A distanza di quasi un lustro dal rilascio del loro terzo album eponimo (giudicato abbastanza male dalla critica), Andrew VanWingarden e Ben Goldwasser sono tornati ai loro alti livelli con un lavoro complesso e per niente facile da comprendere a primo ascolto. Penso che la vera novità portata da questo disco risieda in questa complessità del tutto inedita nella carriera degli MGMT, specie se paragonata all’esordio Oracular Spectacular del 2007: pezzi così orecchiabili come Kids, Time To Pretend o Electric Feel ebbero un successo immediato proprio per la loro enorme semplicità che conquistò tutti in poco tempo.
Qualche settimana fa un amico mi ha rivelato di aver scoperto gli MGMT a 13 anni e che grazie ai loro primi singoli cominciò a seguire la musica in modo più serio.
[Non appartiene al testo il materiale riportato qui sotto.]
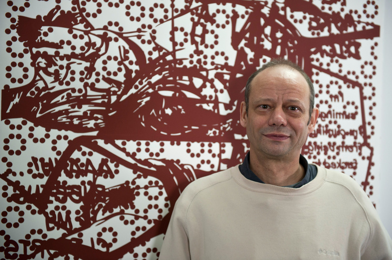 Jean-Pierre Sergent in front of his wall installation at the Besançon studio, August 27th 2016. Photo by Christine Chatelet

Questo inizialmente mi ha spiazzato (insomma io a quell’età ascoltavo Green Day e Linkin Park), ma subito dopo mi ha quasi portato a pensare che il duo di Brooklyn faccia musica per ragazzini.
Fortunatamente però Little Dark Age è uscito giusto in tempo per farmi confutare questa ridicola tesi: già dalla prima traccia She Works Out Too Much capiamo infatti che non sono più gli MGMT freschi e genuini di dieci anni fa, c’è una maggiore consapevolezza nei propri mezzi che d’altronde è scontata quando si arriva al quarto album in carriera.
Si tratta di un disco dai contenuti estremamente contemporanei – la Little Dark Age è quella che noi esseri umani stiamo vivendo da un po’ di tempo – ma che dal punto di vista strumentale trova rifugio negli anni 80: ne sono esempi lampanti i synth oscuri e a tratti inquietanti presenti in tracce come When You Die, Days That Got Away o la stessa title track, che più di tutte necessita di svariati ascolti per essere compresa a pieno.
C’è però spazio per momenti meno cupi e più spensierati, quelli dal sound un po’ più vicino al sopracitato Oracular Spectacular: è soprattutto il caso dei due singoli Hand It Over e Me And Michael, anch’essi in pieno stile anni 80 e con ritornelli molto simili tra loro, ma anche dell’energica TSLAMP che merita sicuramente di uscire come quinto estratto.
Questa volta i nostri MGMT non hanno deluso le aspettative tornando in pista con un buon disco, magari non divertente e piacevole quanto il primo ma sicuramente di una certa importanza. Forse l’unica pecca vera e propria è l’assenza di singoli clamorosi che fanno urlare al miracolo, ma questa nuova veste più matura e consapevole è esattamente ciò di cui avevano più bisogno.